Jika pemerintah menemukan adanya pangkalan yang melakukan pelanggaran, maka pemeriksaan dan penindakan harus dilakukan berdasarkan ketentuan yang berlaku.
Pengawasan juga tidak cukup hanya menyasar pangkalan.
Agen sebagai bagian dari mata rantai distribusi juga perlu diperiksa. Demikian pula dengan volume pasokan, realisasi penyaluran, pola pembelian dalam jumlah besar, hingga kemungkinan adanya minyak tanah yang dibawa keluar dari wilayah Piru.
Salah satu instrumen yang dapat diperkuat adalah identifikasi konsumen melalui KTP.
Kebijakan pembelian dengan menunjukkan KTP dapat menjadi alat untuk memastikan minyak tanah bersubsidi benar-benar diterima masyarakat yang berhak.

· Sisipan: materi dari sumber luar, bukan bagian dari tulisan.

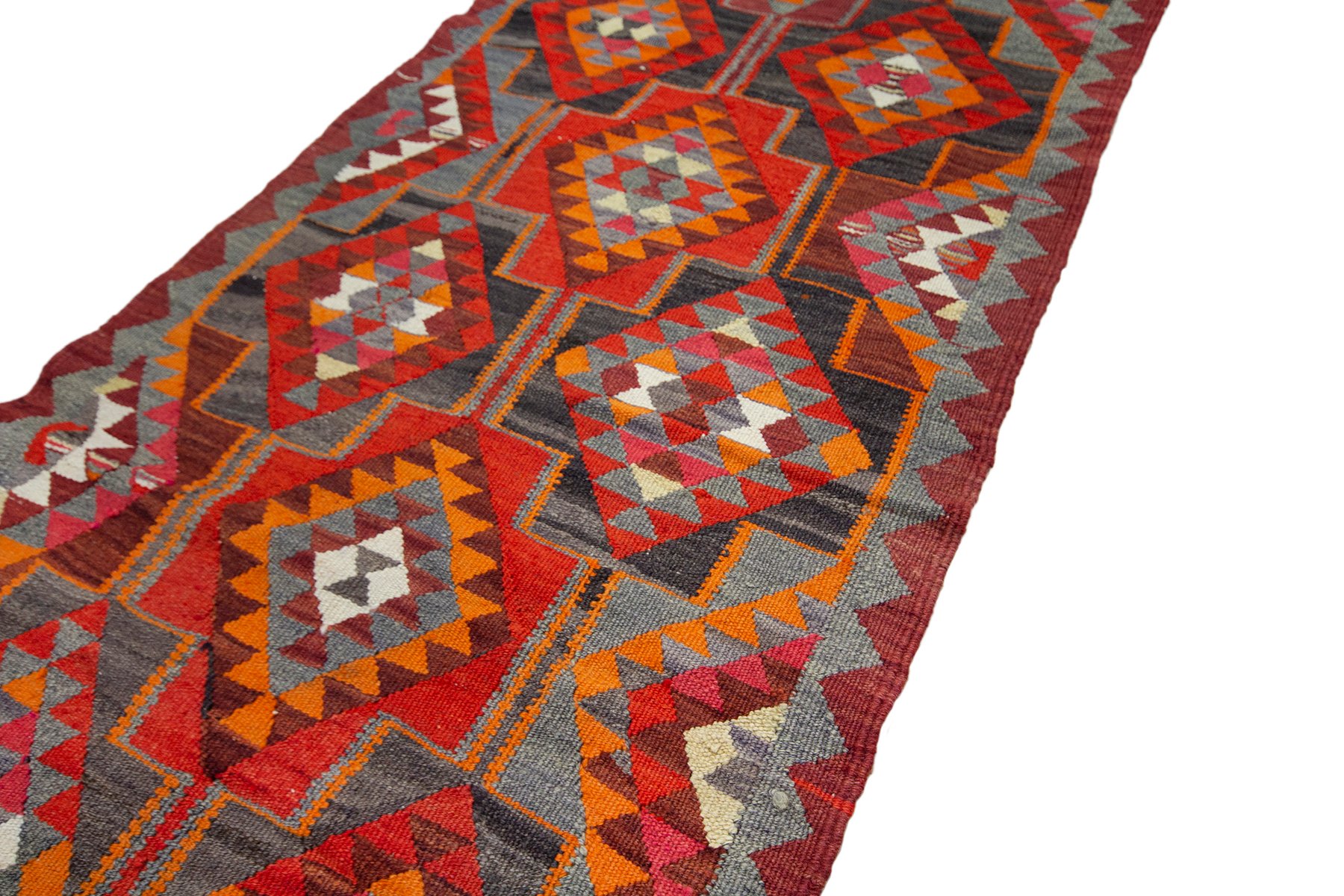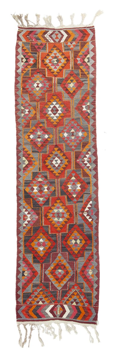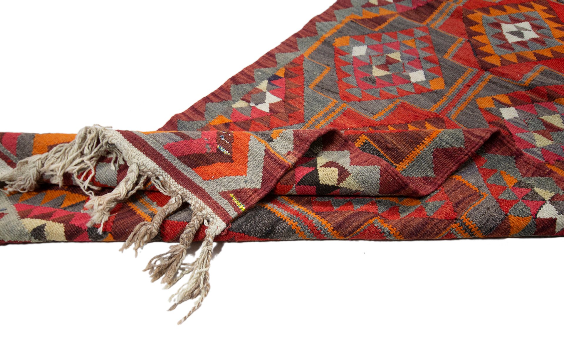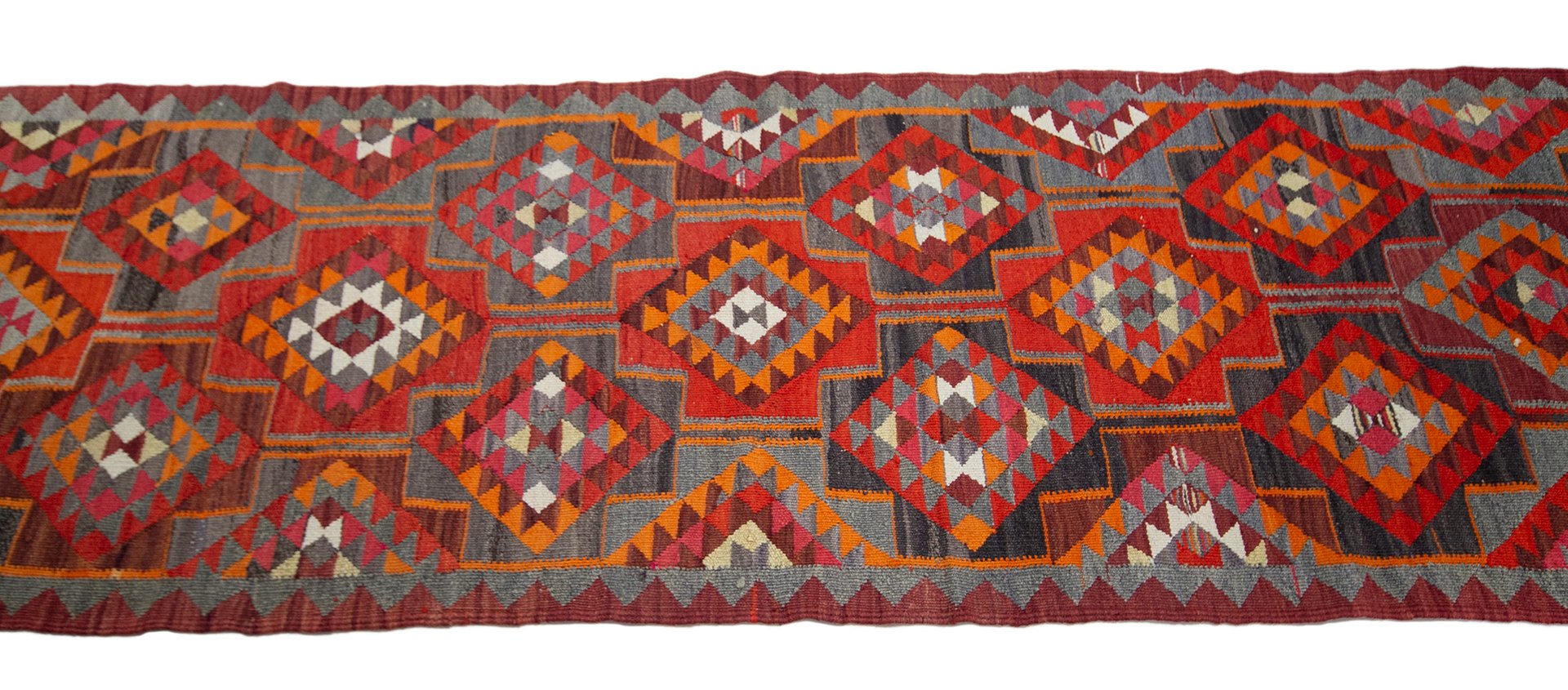 This gorgeous runner flat weave kilim rug is made from wool and has a rough durable texture. This woven piece of art is one-of-a-kind and was made for self use. The pattern and symbols on kilims always have special meanings. They are standing for protection, blessings, abundance or the unity of lovers.
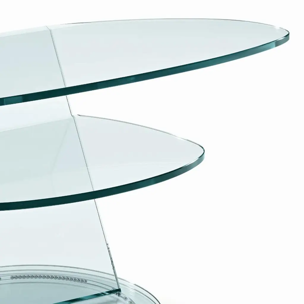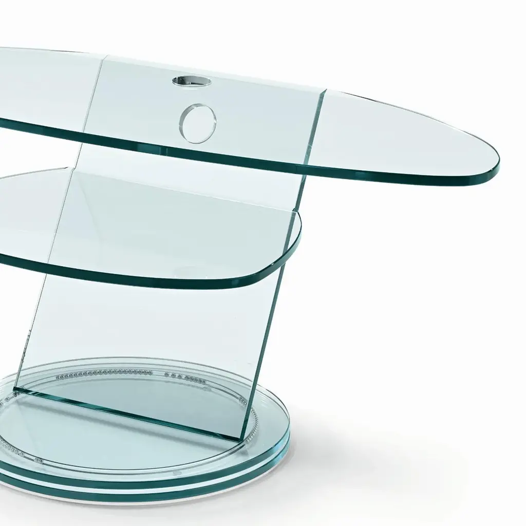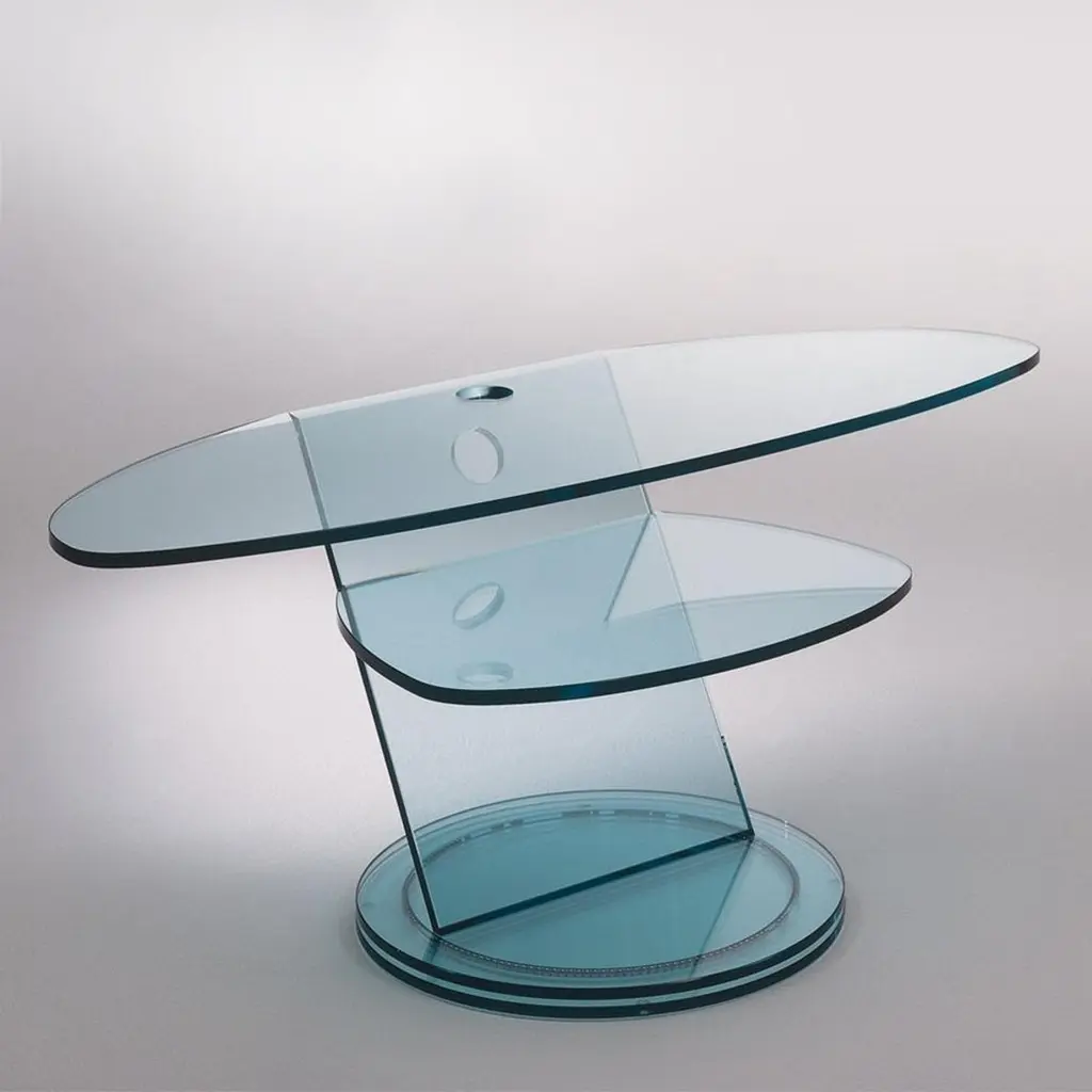 Table Stand Replay TV with all structure in transparent glasswith double top on a revolving base with ball bearing system.Also available on request in:L90xD52xH50cm, price: 3400,00€.
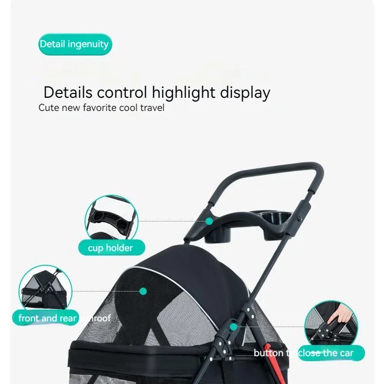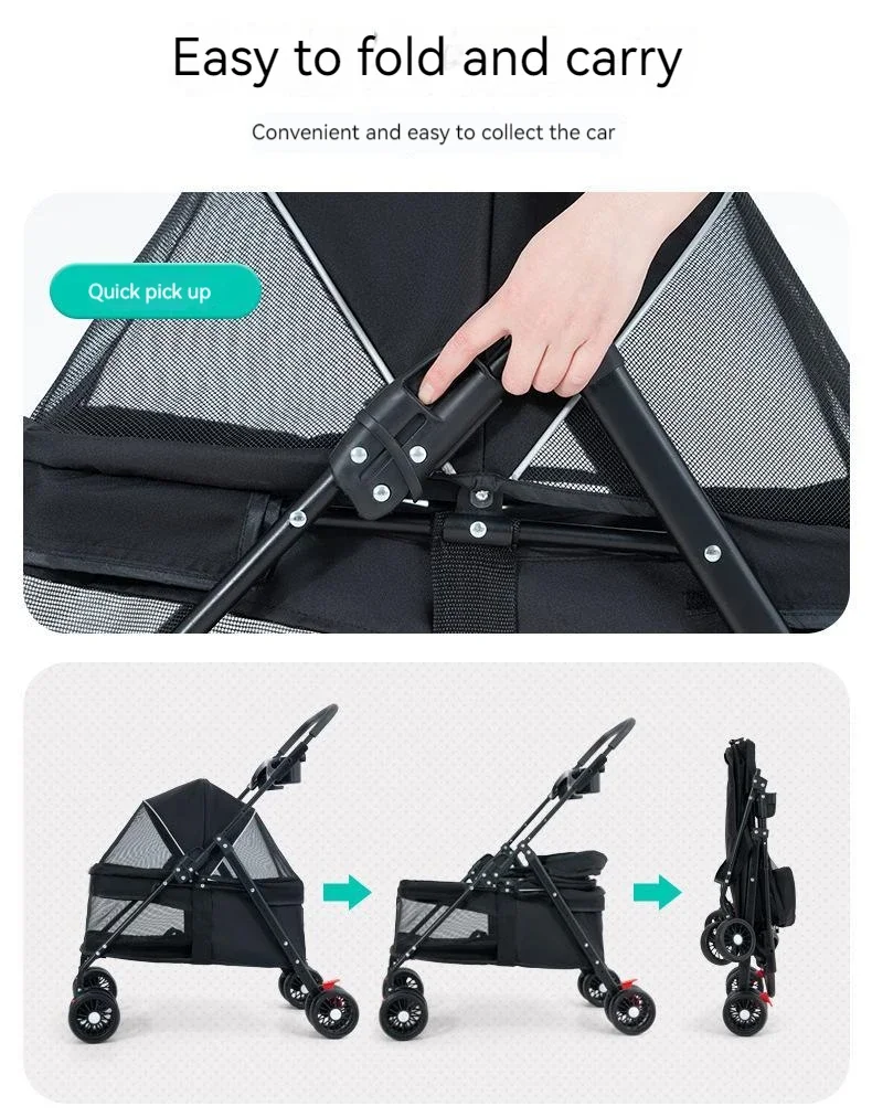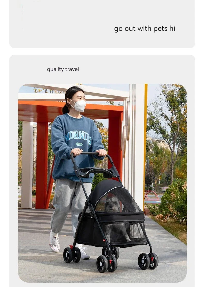 Lightweight Folding Pet Stroller | Breathable Outdoor Travel Carrying Bag for Small Dogs & Cats | Includes Meal Plate

Namun, mekanisme tersebut hanya akan efektif apabila diikuti pengawasan terhadap pangkalan.
Sebab, jika masyarakat diwajibkan menunjukkan identitas sementara volume minyak tanah yang keluar dari pangkalan tidak diawasi secara ketat, celah penyimpangan tetap terbuka.
Karena itu, pemerintah daerah perlu membuka informasi secara transparan mengenai alokasi setiap pangkalan dan realisasi penyalurannya. Data tersebut penting untuk menjawab persoalan mendasar: berapa minyak yang masuk, berapa yang dijual, kepada siapa dijual, dan ke mana sisanya pergi?